Transparency News 5/23/16

Monday, May 23, 2016



State and Local Stories

 

A state airplane took Gov. Terry McAuliffe to a couple of weddings, U.Va's Elite Eight game in Chicago and into Cuba over the last eight months, state flight records show. The Daily Press filed a Freedom of Information Act request this month for Department of Aviation records covering the dozens of flights that McAuliffe, or a member of his cabinet, took going back to September, when a similar check was also performed.
Daily Press

In an attempt to determine how many illegal immigrants have been charged with criminal offenses in Virginia since the 2008 legislation, The Times-Dispatch filed a Virginia Freedom of Information Act request with the State Compensation Board for records it maintains on the number of illegal immigration queries of inmates made by all of Virginia’s local and regional jails, along with the results of those queries.

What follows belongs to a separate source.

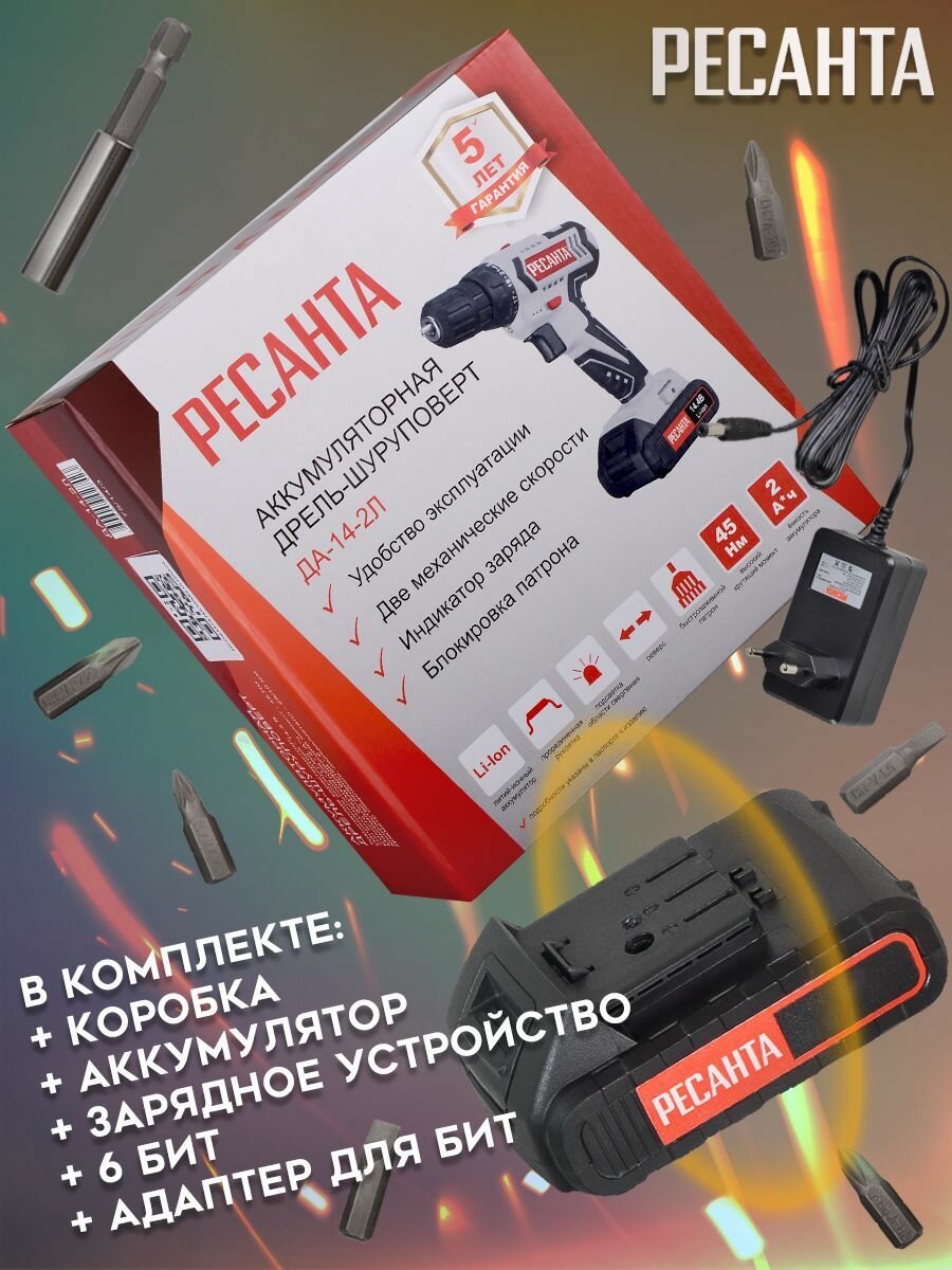 Шуруповерт аккумуляторный ДА-14-2Л РЕСАНТА / 14,4В / дрель-шуруповёрт для дома и дачи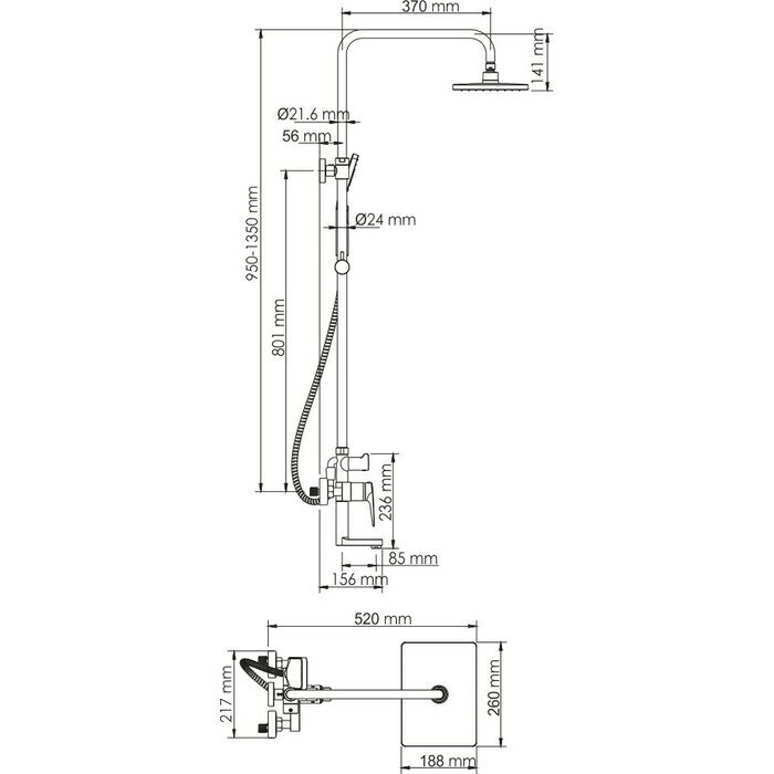 | Длина верхнего душа | 188 мм |

The newspaper requested and received data for each year since 2008, when Albo’s law went into effect mandating that state jails collect the numbers and report them to the state. While the large majority of the state’s jails have complied fully with the law’s reporting requirements, several facilities have failed to follow each step of the mandatory reporting process, resulting in skewed numbers being reported to the state. Consequently, many illegal immigrants being held in those facilities were not being counted.
Richmond Times-Dispatch

Former Portsmouth City Manager John Rowe and Jim Oliver, the man who hired him, this week defended a setup in which Rowe received retirement pay while working full time, saying a former city attorney wanted it that way. The Virginia Retirement System sent some type of response to Portsmouth this week about the issue. The state has been researching the situation for about nine months and has provided few details except to say that employers are required to report high-level positions to the retirement system and pay contributions for them, and that the law prohibits receipt of a VRS pension for employees who return in VRS-covered positions.
Virginian-Pilot

The Daily Press was named the winner of a First Amendment Award Friday in the 2016 Associated Press Media Editors Innovation in Journalism Awards contest. The paper was honored for its Freedom of Information Act battle with the Office of the Executive Secretary of the Supreme Court of Virginia over access to a database of state court records.
Daily Press


National Stories

The New York Civil Liberties Union sued the NYPD Thursday to get details on the Stingray equipment that cops use to spy on people's cellphones. The NYCLU said it had requested information under the Freedom of Information Law about how the department pays for its Stingrays and what models it is purchasing. Instead, the NYPD refused to provide any data about "basic contractual information that should be part of the public domain," the NYCLU charges.
New York Daily News

Students filing open records requests with the federal government should be eligible for reduced fees, an appeals court ruled Friday. Filing a request under the Freedom of Information Act (FOIA) can sometimes result in hundreds or thousands of dollars in charges that are requested by federal officials for duplicating documents and conducting searches. While some entities — such as the media and teachers at educational institutions — qualify to have these fees reduced, the Defense Department declared that Kathryn Slack, a student, did not. “If teachers can qualify for reduced fees, so can students,” wrote Judge Brett Kavanaugh in a U.S. Court of Appeals for the D.C. Circuit decision released on Friday. “Students who make FOIA requests to further their coursework or other school-sponsored activities are eligible for reduced fees under FOIA because students, like teachers, are part of an educational institution.”
The Hill

David Yanofsky, a reporter for the Atlantic Media publication Quartz, has filed a Freedom of Information Act lawsuit to compel the Department of Commerce to release databases containing information about foreign travel to and from the United States. Attorneys for the Reporters Committee for Freedom of the Press are representing Yanofsky pro bono. Despite acknowledging that the databases requested are agency records subject to FOIA, the DOC claimed that the databases are “not available under the FOIA,” denied Yanofsky’s request for a fee waiver, and informed him that he would have to purchase the records, which would cost more than $173,000.
Reporters Committee for Freedom of the Press



Editorials/Columns

Examine for a moment how the Fairfax County police leadership responded when one of its officers shot and killed an unarmed man standing in the doorway of his residence in August 2013. Examine for a moment how the Fairfax County police leadership responded when one of its officers shot and killed an unarmed man standing in the doorway of his residence in August 2013. It was transparent and neutral, quite the opposite of what transpired in Fairfax a few years earlier. The mishandling of the Fairfax shooting created considerable upheaval and likely damaged confidence the public may have had in the department.